# where on earth to start...



## x clo x (Feb 24, 2012)

im looking at buying a horse. in all honesty i have no idea where to begin! it wont be for a year or so, so i have plenty of time to research.

i currently show shire horses, and i do want one, but Im also looking for something lighter to go out with the hunt on. 

Ive been looking on horsemart at different horses, but have no idea what i actually want.

i look at horses and because im used to being around shires at 19 odd hands, everything else looks small  im 5ft 4" so what size horse do you think i should be looking at? 

im starting my riding lessons again to get back into the swing of things, and get confidence up. 
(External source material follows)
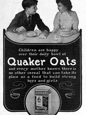 Szeretem olvasgatni a nagy múltú, régi cégek történeteit. Ilyen az amerikai Quaker Oats is, az egyik legnagyobb reggelizőpehely gyártó cég. (Ez a reggelizőpehely elég hülye kifejezés, de ezt az élelmiszerkategóriát így hívják.) Szóval ez egy 130 éves cég, és elsők voltak, akik márkanevet adtak a különböző gabonapelyheknek. Reklámtörténetileg azért jelentősek, mert ők készítették az első nemzetközi hirdetési kampányt a zabpehelynek. Azóta is az egyik legnagyobbak a pehelygyártásban. A honlapjukon kismillió egészségügyi tanácsot és szakcikket lehet olvasni, de a legjobb része persze nem ez, hanem a receptes oldal, amit szerintem a zabpelyhet nem szerető emberek is nyálcsorgatva tudnak csak végignézni.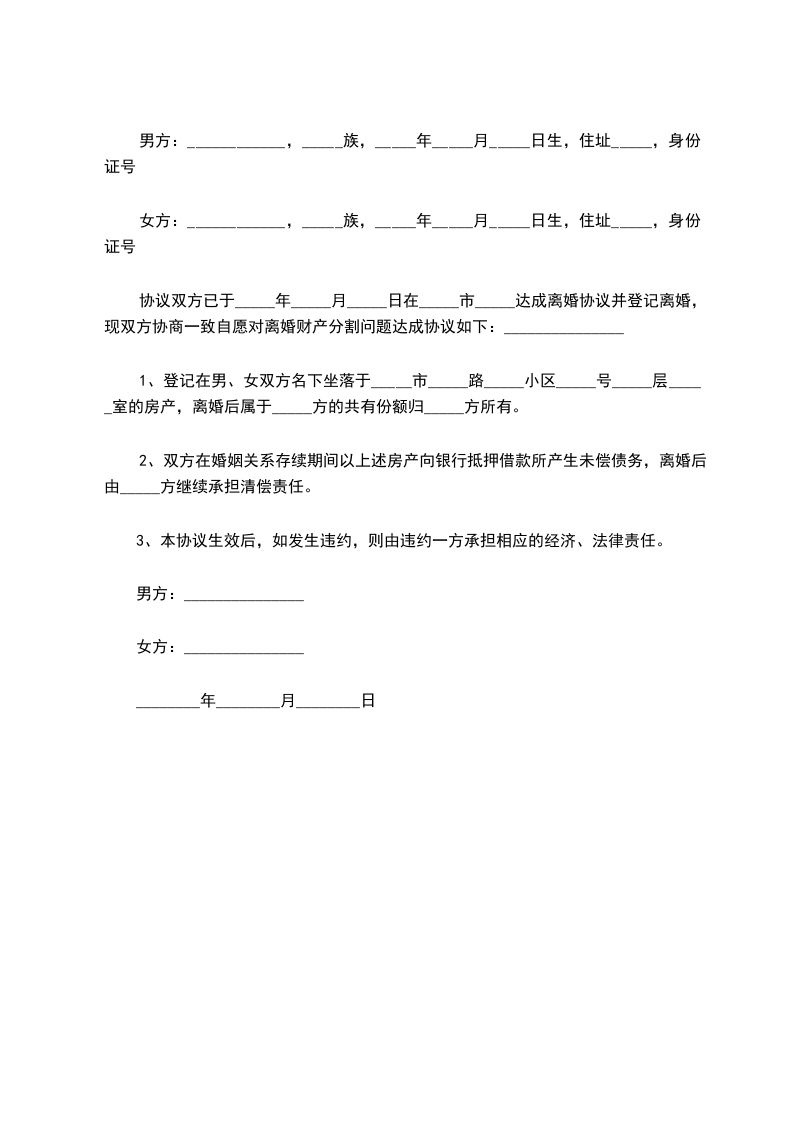 协议双方已于_____年_____月_____日在_____市_____达成离婚协议并登记离婚,现双方协商一致自愿对离婚财产分割问题达成协议如下:_______________

there's certain colours i prefer, and i do prefer cobby types (its the shire influence) but would be they be too heavy to be out hunting on?

any help would be great!


----------



## RachJeremy (Sep 14, 2012)

Hey, considering you don't or probably don't want something too small... Maybe 16hh+ And since you're used to Shires, bigger horses shouldn't be a problem. But if you want to hunt, you'd be better off looking for something that has hunted for a fair while. My boss hunts, she has two main hunters right now, Charlie who's about 16.3hh i'm guessing, is just turning 20 years old and he's taught her partner how to ride and taken him hunting... Whereas her new hunter, is 5 years old, he's a little bit smaller than Charlie, but he's very green and has been naughty on outings... So it will vary with what you're after and your experience. 
And no... Cobs are not too heavy to hunt with, i've seen big hairy fat cobs out hunting. And my own boy who is a Clydie X (not particularly heavy really) has hunting in his early life long before we knew him. So if you want to get a cob, don't let the hunting put you off, as cobs are perfectly capable of doing anything any other horse can do! Despite what anyone says, "Cobs Can" is the way it is. 

I would try looking on Horse Quest as well, they're not too bad for horse sales. Also Horse & Hound, both magazine and website. 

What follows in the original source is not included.